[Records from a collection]
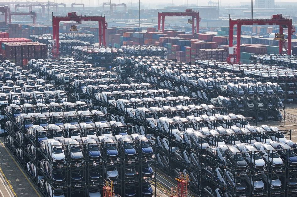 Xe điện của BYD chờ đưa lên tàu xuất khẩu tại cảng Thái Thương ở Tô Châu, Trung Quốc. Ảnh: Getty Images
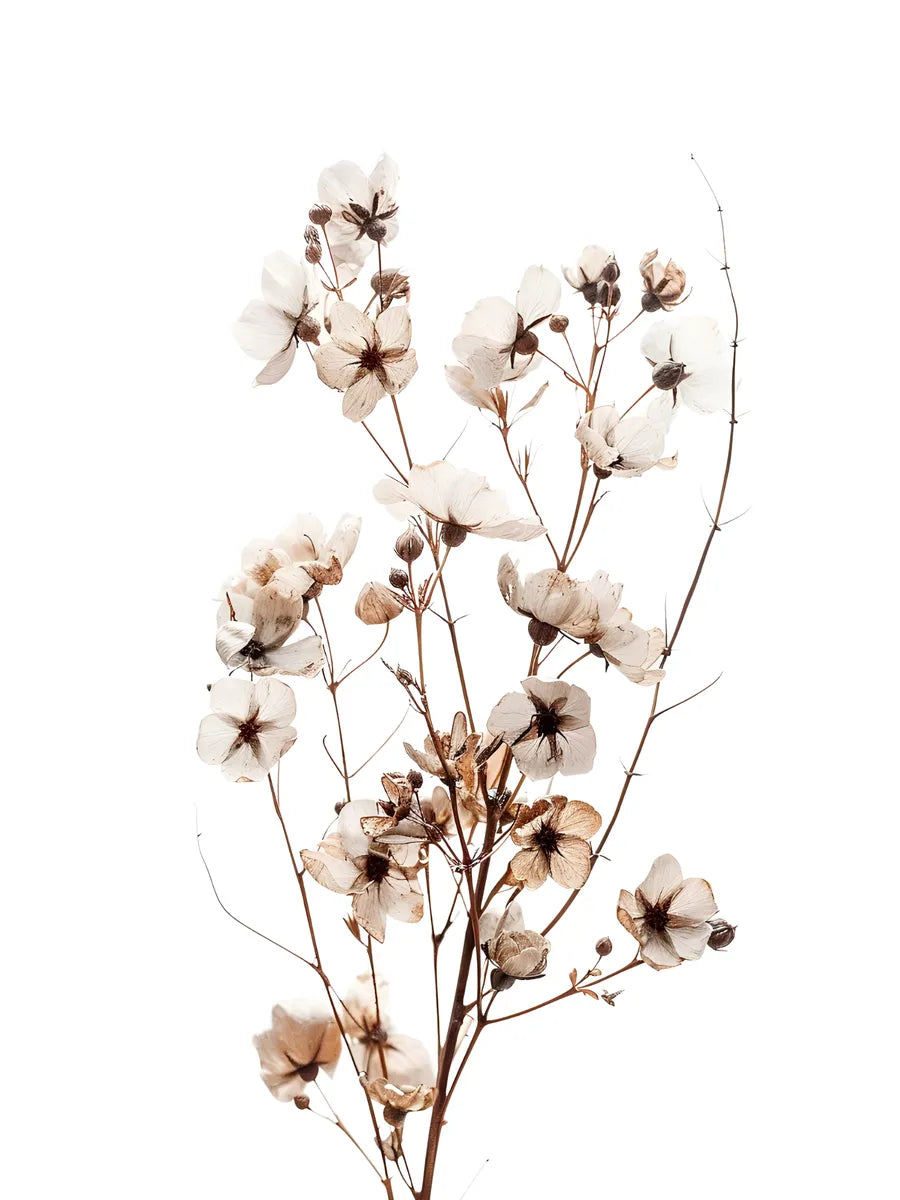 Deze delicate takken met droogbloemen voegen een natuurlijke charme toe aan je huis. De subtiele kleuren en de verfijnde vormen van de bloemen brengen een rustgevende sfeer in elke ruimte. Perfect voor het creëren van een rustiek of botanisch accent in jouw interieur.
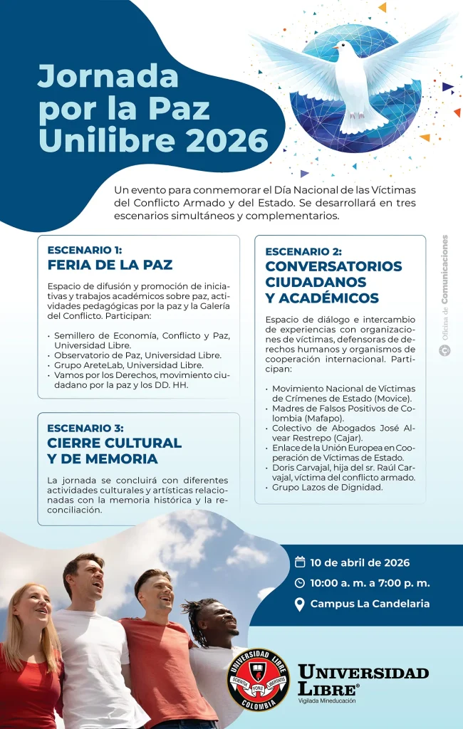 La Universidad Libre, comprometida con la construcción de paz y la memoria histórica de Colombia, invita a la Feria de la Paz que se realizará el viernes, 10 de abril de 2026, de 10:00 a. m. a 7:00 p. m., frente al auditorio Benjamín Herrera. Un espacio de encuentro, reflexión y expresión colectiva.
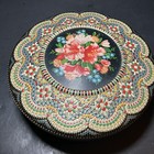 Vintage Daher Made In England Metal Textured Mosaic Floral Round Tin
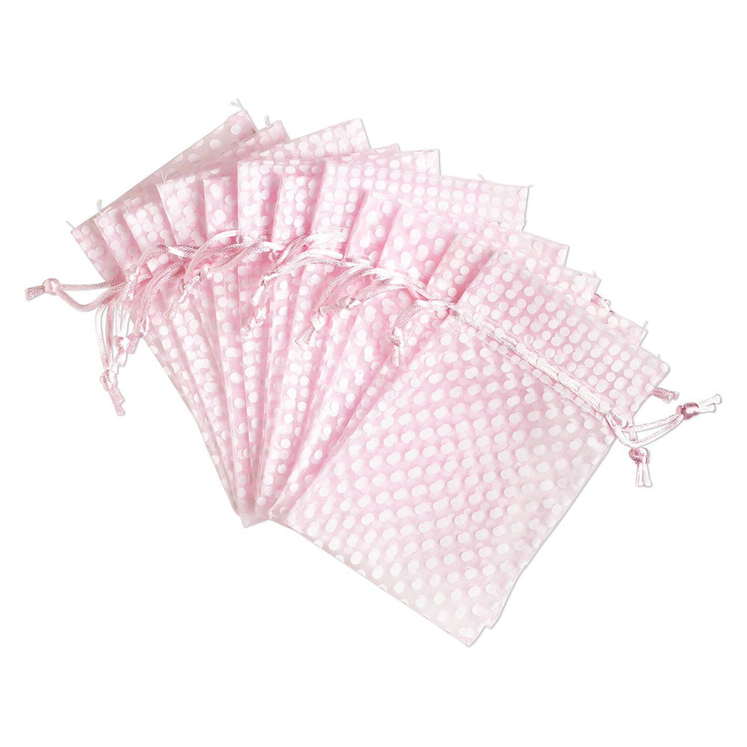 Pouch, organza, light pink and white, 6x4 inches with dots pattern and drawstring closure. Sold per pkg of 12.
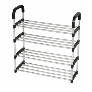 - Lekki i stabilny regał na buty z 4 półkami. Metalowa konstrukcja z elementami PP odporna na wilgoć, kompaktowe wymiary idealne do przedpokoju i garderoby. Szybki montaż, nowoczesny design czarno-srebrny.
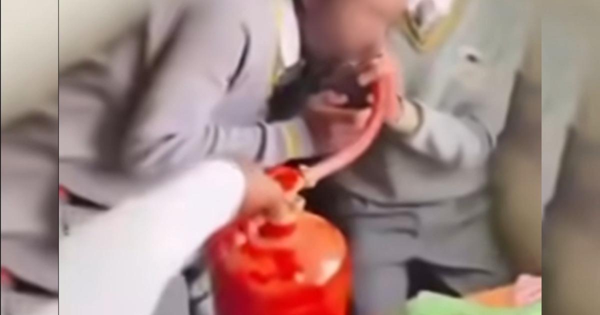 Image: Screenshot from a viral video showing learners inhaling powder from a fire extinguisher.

*What this task involves:*
All lines from the one containing "- Lekki i stabilny" through the end of the entries, both ends included, should be written out exactly, with no pictures.

*Written response:*
 - Lekki i stabilny regał na buty z 4 półkami. Metalowa konstrukcja z elementami PP odporna na wilgoć, kompaktowe wymiary idealne do przedpokoju i garderoby. Szybki montaż, nowoczesny design czarno-srebrny.
 Image: Screenshot from a viral video showing learners inhaling powder from a fire extinguisher.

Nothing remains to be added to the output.